His GOP primary challenger, King, raised $2.2 million, while Marshall’s Democratic opponent in the general election, Siegelman, has raised more than $606,000, much of it via small donations. About 83 percent of Siegelman’s campaign funds come from within the state, compared with 74 percent for Marshall’s, according to a Center for Public Integrity analysis of state campaign finance data.

DAGA has yet to invest serious money into the race.

Marshall is expected to win the general election handily.

RAGA’s contribution represents about 20 percent of Marshall’s total fundraising. King sought a temporary restraining order barring the Marshall campaign from spending the RAGA money, arguing Alabama’s Fair Campaign Practices Act of 2010 banned political action committees active in the state’s elections from taking contributions from other PACs. Filings with the IRS show RAGA accepts contributions from super PACs such as the General Electric PAC and JP Morgan PAC.

The lawsuit was dismissed. But King and Siegelman continue to press the Alabama Ethics Commission to issue a ruling. Two Alabama lawyers have also asked the Montgomery district attorney to investigate the transaction.

RAGA spokesman Roday said that it was proud to support Marshall’s primary campaign and it complied with Alabama and federal law.

The Marshall campaign denies any wrongdoing, arguing that RAGA Action Fund is a federal PAC subject to federal law, not Alabama’s ban on PAC-to-PAC transfers.

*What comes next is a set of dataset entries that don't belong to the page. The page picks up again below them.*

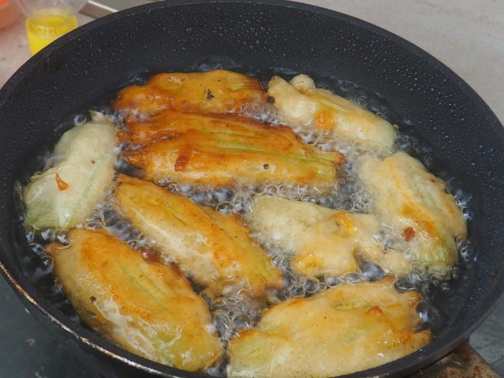 Despeje o óleo em uma frigideira, aqueça bem. Passe as flores de abóbora na massa e depois mergulhe-as no óleo.
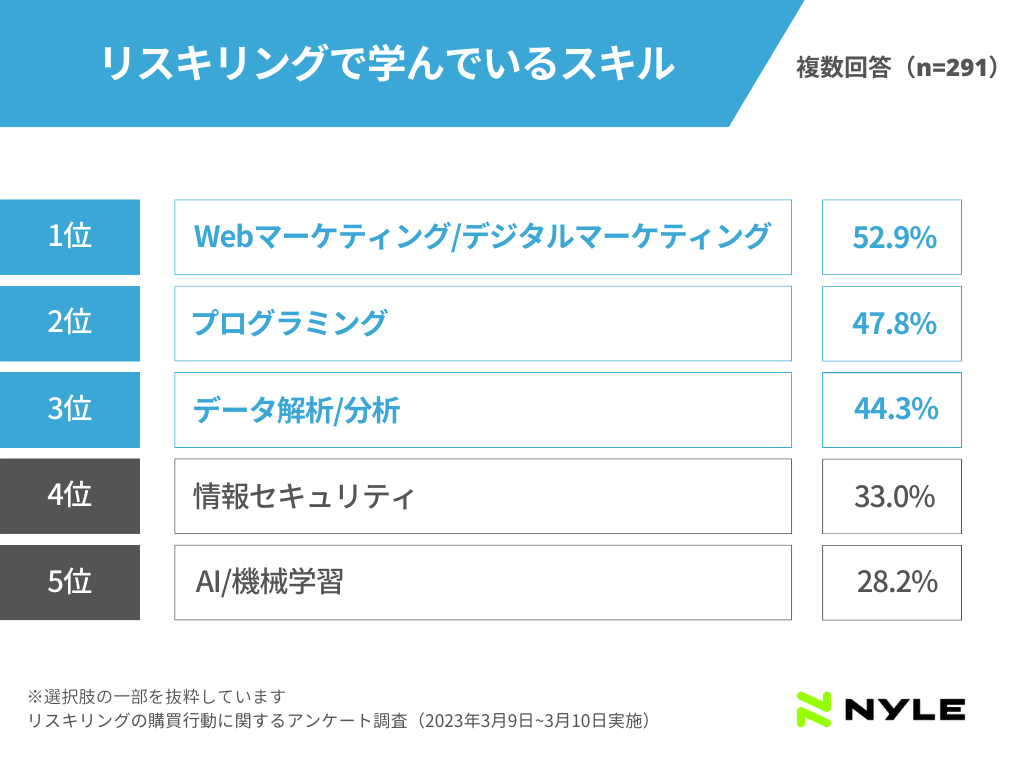 当社の独自調査によると、リスキリングを実施している291名の会社員に「現在学んでいるスキル」を聞いたところ、1位は「Web/デジタルマーケティング」でした。
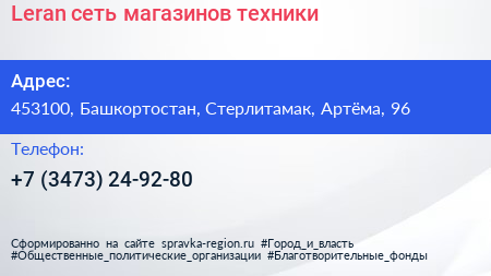 Leran, сеть магазинов техники по адресу 453100, Башкортостан, Стерлитамак, Артёма, 96 в дальнейшем Организация, размещена в следующих категориях:
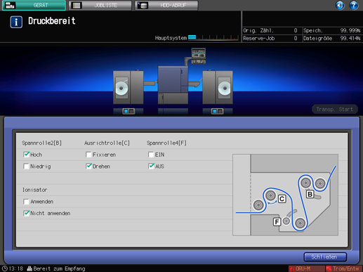 Aktivieren Sie die jeweiligen Kontrollkästchen entsprechend den Parametern für die Rollen des Einzugsbereichs oder legen Sie fest, ob der Ionisator verwendet werden soll, und drücken Sie dann auf [Schließen].
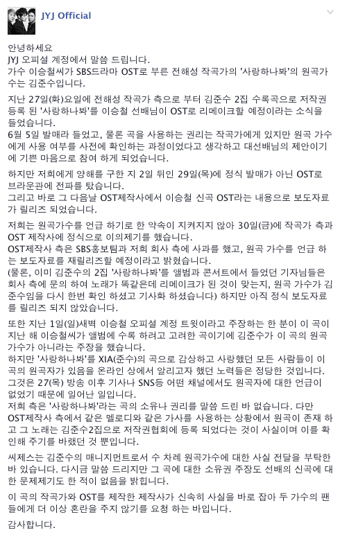 No podemos hablar con respecto al propietario de derechos de la canción. Sin embargo, en está situación dónde la canción de una misma melodía y letra han sido lanzadas por una compañía de producción de OST, afirmamos el hecho innegable de que una canción original existe y que está canción está protegida por derechos de autor bajo el nombre del segundo álbum de kim junsu con la asociación de derechos de autor de música de corea** y solo deseamos que esto se confirme.
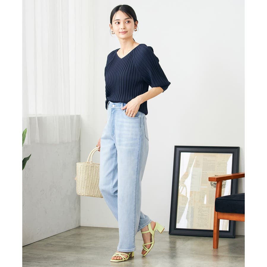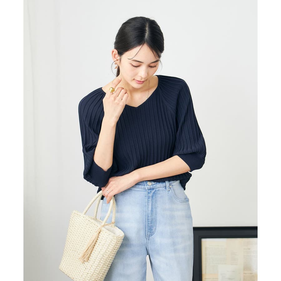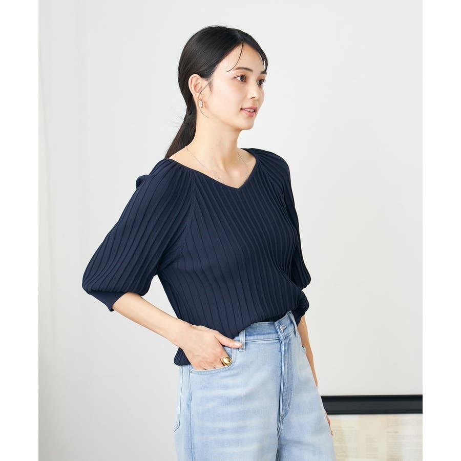 ・程よい開きが女性らしく顔周りがスッキリ見える浅Vネック
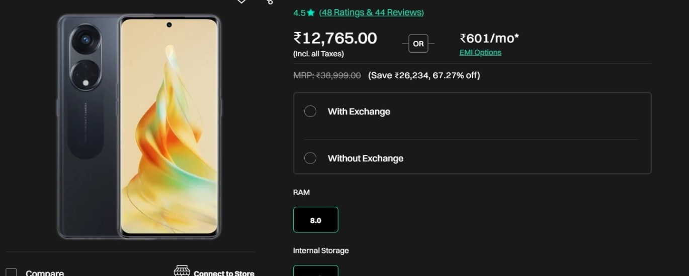 Oppo’s online store and Flipkart are showing the original launch price tag for the Oppo Reno 8T 5G.
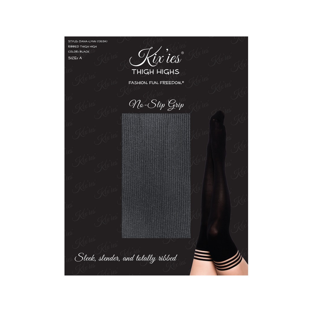 Черные ребристые чулки Kix'ies - идеальный вариант на каждый день, особенно в холодное время года! Классические черные непрозрачные чулки обеспечат вашим ногам комфорт и стиль круглый год. Благодаря нескользящему манжету чулки Kix'ies с высокой посадкой на бедрах удобно носить в течение всего дня.
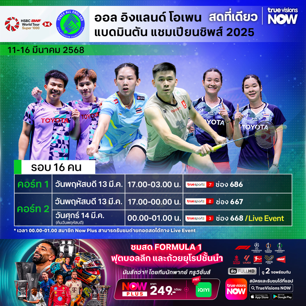 คอกีฬาแบดมินตัน สัปดาห์นี้ต้องไม่พลาดรายการสุดยิ่งใหญ่และสุดคลาสสิกตลอดกาลอย่าง ออล อิงแลนด์ แบดมินตัน แชมเปี้ยนชิพ 2025 ที่เมืองเบอร์มิงแฮม ประเทศอังกฤษ ส่งใจเชียร์นักแบดมินตันไทยชุดใหญ่ สู้กับเหล่าซูเปอร์สตาร์ของโลก และลุ้นกันว่าใครจะเป็นแชมป์ในปีนี้ ชมสด เอ็กซ์คลูซีฟ จุใจ ครบทุกรอบ ที่เดียวที่ ทรูวิชั่นส์
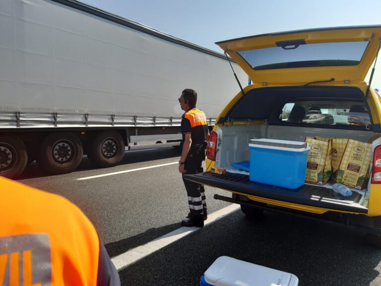 El accidente provocó largas retenciones en la vía y Protección Civil y Cruz Roja se movilizaron para dar avituallamiento a...
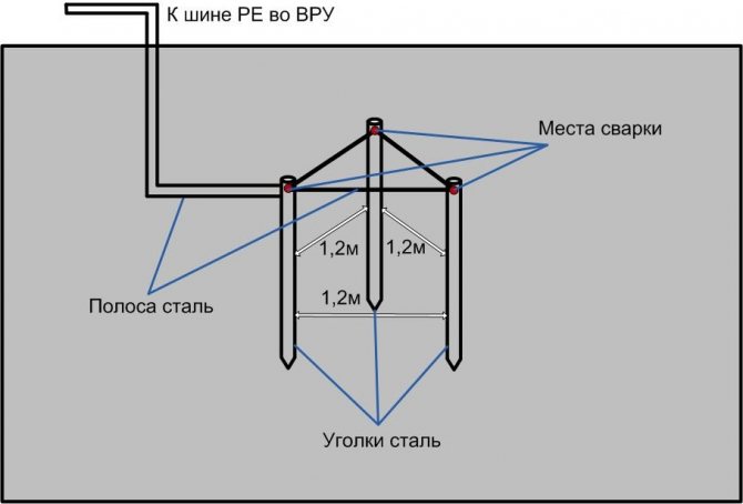 Une liaison métallique est soudée aux parties saillantes des tiges / coins - une bande de 40 * 4 mm. Le conducteur de terre créé avec la maison est relié à une bande métallique (40 * 4 mm) ou à un conducteur rond (section 10-16 mm2). Une bande avec un triangle métallique créé est également soudée. Lorsque tout est prêt, les points de soudure sont nettoyés du laitier, recouverts d'un composé anti-corrosion (pas de peinture).
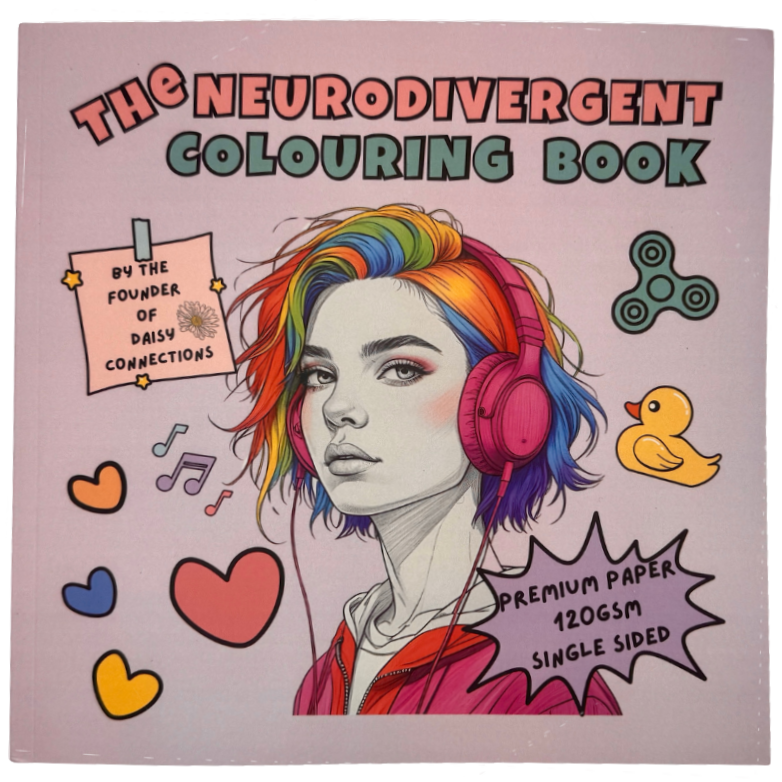 Created for neurodivergents by neurodivergents, this colouring book celebrates the reality of neurodivergent life with humour and honesty.
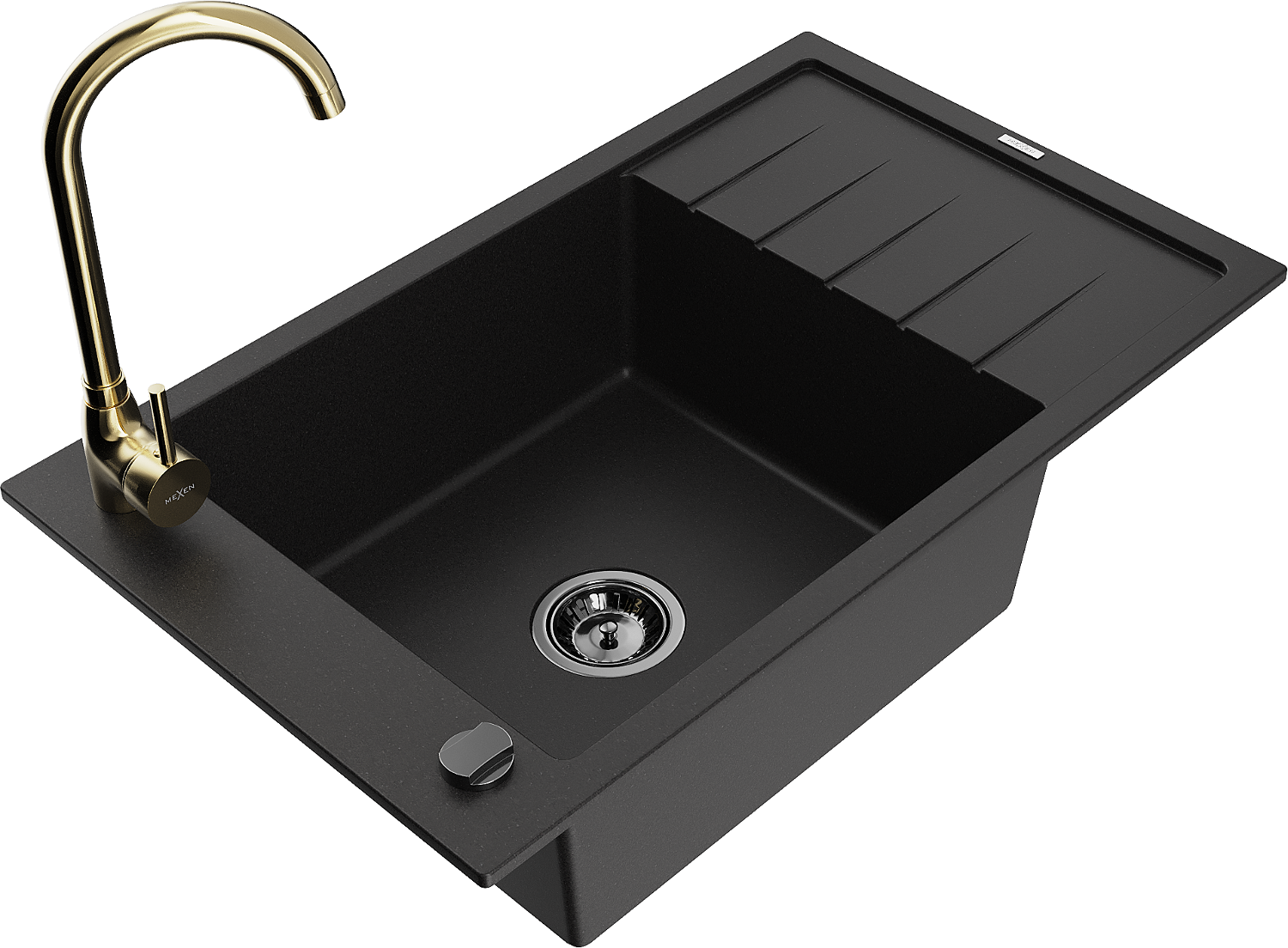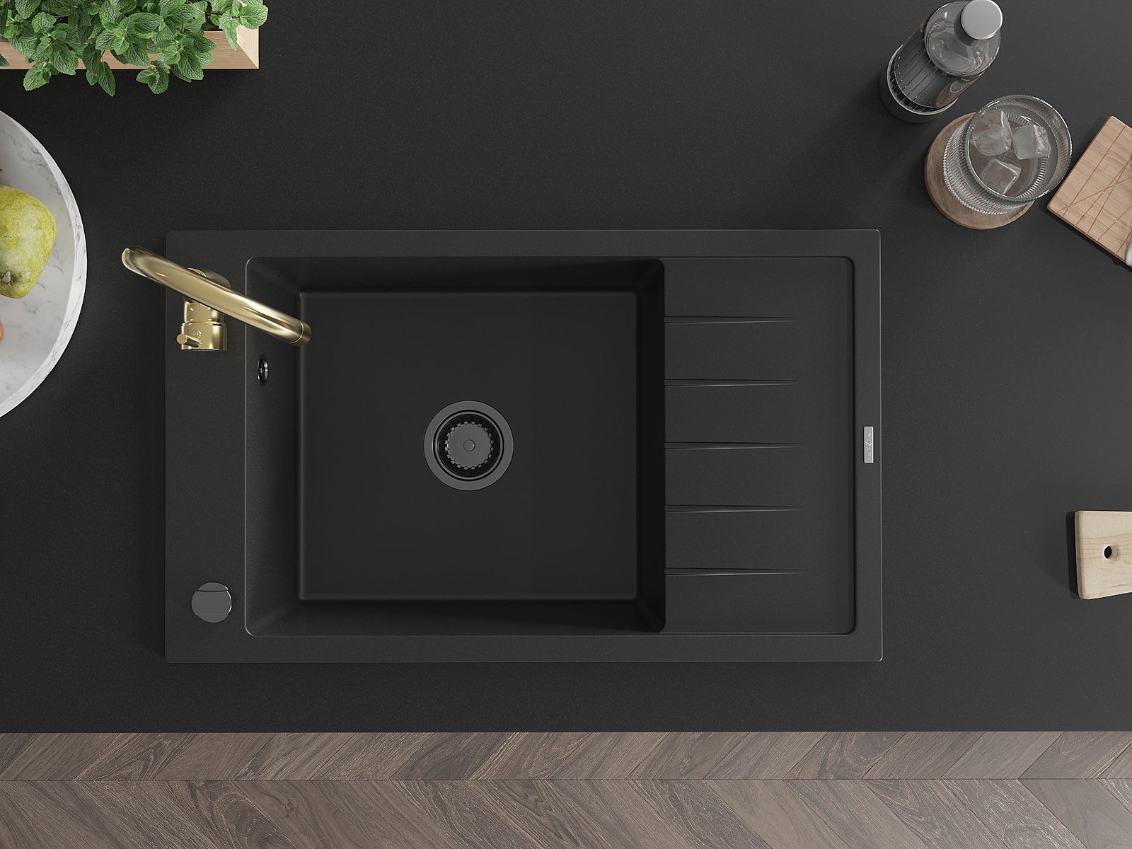 Mexen Elias zlewozmywak granitowy 1-komorowy z ociekaczem i baterią kuchenną Telma, czarny - 6511-77-670200-50-B
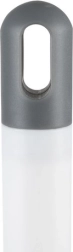 Komplekte yra uždara lašėjimo talpa su patogiu mygtuku higieniškam vandens išleidimui ir lipnus sieninis laikiklis, taupantis grindų vietą. Metalinės nerūdijančio plieno rankenos yra patvarios ir lengvai prižiūrimos, balta/pilka spalvų derinys tinka bet kuriam vonios kambariui.
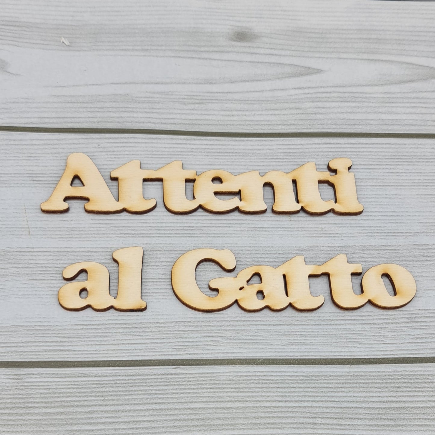 Scritta Attenti al gatto in legno, Misura 28x3 cm. Sagomiamo

“Every contribution to Steve Marshall for Alabama has been received in a legal manner, consistent with the guidelines set forth from the Alabama Secretary of State’s Office,” said Julia Mazzone, a spokeswoman for the Marshall campaign.

Previous attorney general campaigns, including King’s in 2006, have had trouble with RAGA contributions. In 2014, Strange’s campaign returned a $50,000 donation from a RAGA-affiliated PAC within 24 hours of his opponent’s complaint that it violated the state’s ban on PAC-to-PAC contributions.

And a complaint was filed against King’s own 2006 re-election campaign for accepting $100,000 from the Republican State Leadership Committee while it still housed the RAGA super PAC, because his opponent claimed it broke the state’s then-cap on corporate contributions. That complaint was dismissed and the corporate contribution limit was removed in 2010.

RAGA’s contribution to Marshall’s campaign is more than seven times what it gave King.

To King, it’s clear why RAGA and its corporate backers would support Marshall over him this time around. “When I was attorney general I sued 76 drug companies and I sued BP,” King said. “That’s not a Republican thing to do in their minds.”

Chris Zubak-Skees and Joe Yerardi contributed.